### Setting up a basic training loop - not using attention

In [2]:
''' Changing directories '''
import os 
if 'BERT' not in os.getcwd():
    os.chdir('BERT')
print("Current working dir is {}".format(os.getcwd()))

Current working dir is /juice/scr/scr110/scr/nlp/mtl_bert/unidirectional-NMT/BERT


In [3]:
import pyaml
import onmt
import torch
from dataset import TextDataset, Collator
from encoder import Encoder 
from decoder import Decoder
from discriminator import Discriminator
from lib.huggingface.transformers import RobertaTokenizer, CamembertTokenizer
from torch.utils.data import DataLoader

To use data.metrics please install scikit-learn.
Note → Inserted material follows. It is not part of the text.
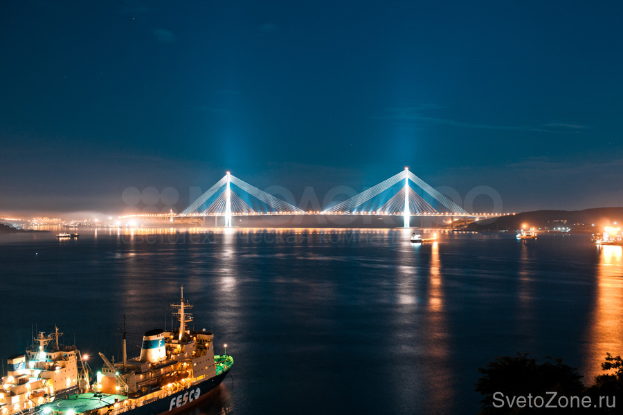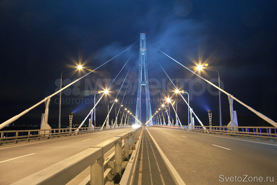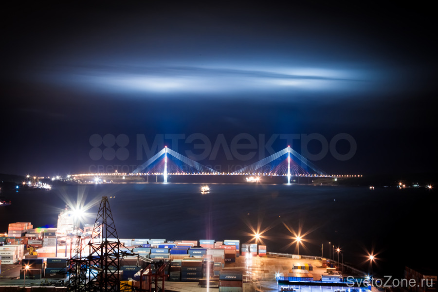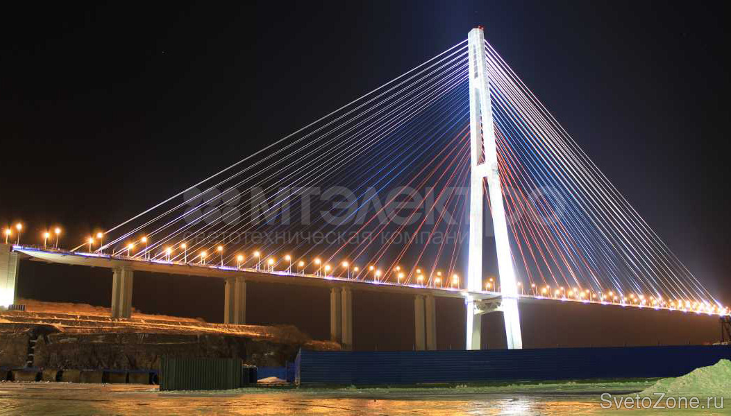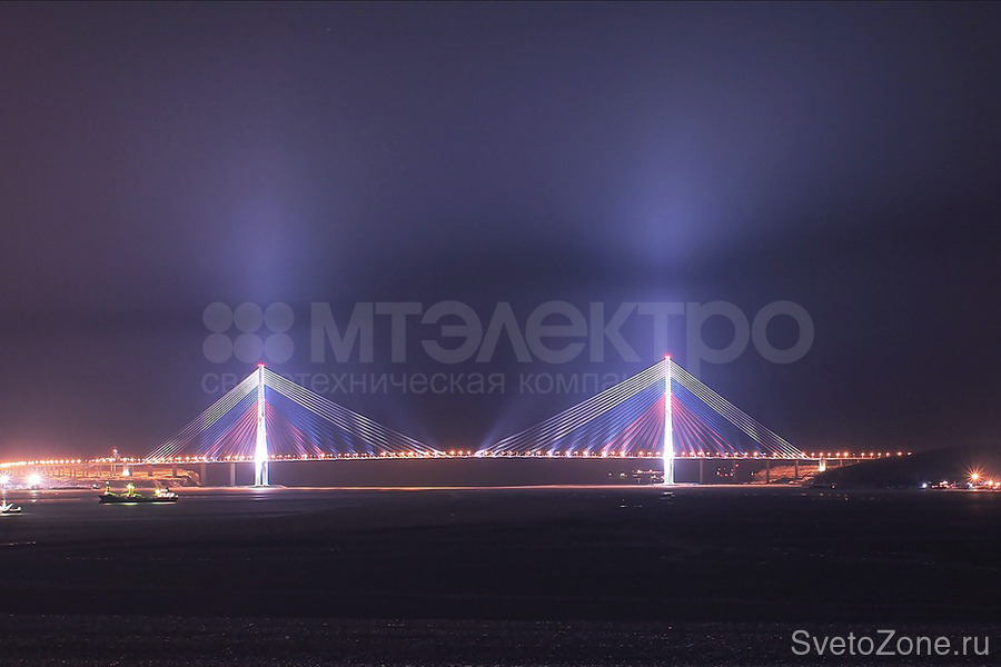 Проектирование и строительство моста предусмотрено программой подготовки к саммиту AТЭС 2012. Генподрядчиком на выполнение строительно-монтажных работ выступило ОАО «УСК МОСТ», проектировщиком - ООО «НПО «Мостовик». Принимая участие в работах по строительству моста, компания СТК «МТ Электро» выполнила полный комплекс работ по электроснабжению и функциональному освещению объекта, а также проектированию и монтажу архитектурно-художественной подсветки.

See https://scikit-learn.org/stable/index.html


In [4]:
%load_ext autoreload
%autoreload 2

In [5]:
with open(os.path.join(os.path.dirname(os.getcwd()), "config", "config.yml"), "r") as fd:
    config = pyaml.yaml.load(fd, Loader=pyaml.yaml.Loader)

In [6]:
sentence_token_length = config["maxlen"]

In [7]:
tokenizer_en = RobertaTokenizer.from_pretrained('roberta-base')
tokenizer_fr = CamembertTokenizer.from_pretrained('camembert-base')

In [8]:
collator = Collator(maxlen=sentence_token_length)

In [9]:
text_dataset_train = TextDataset("data/europarl-v7/", tokenizer_en, tokenizer_fr, training=True)
text_dataset_val = TextDataset("data/europarl-v7/",  tokenizer_en, tokenizer_fr, training=False)

0
10000
20000
175 examples with length < 2 removed.
10109 examples with length > 50 removed.
0
36 examples with length < 2 removed.
2547 examples with length > 50 removed.


In [10]:
train_dataloader = DataLoader(text_dataset_train, **config["data_loader"], collate_fn=collator)
val_dataloader = DataLoader(text_dataset_val, **config["data_loader"], collate_fn=collator)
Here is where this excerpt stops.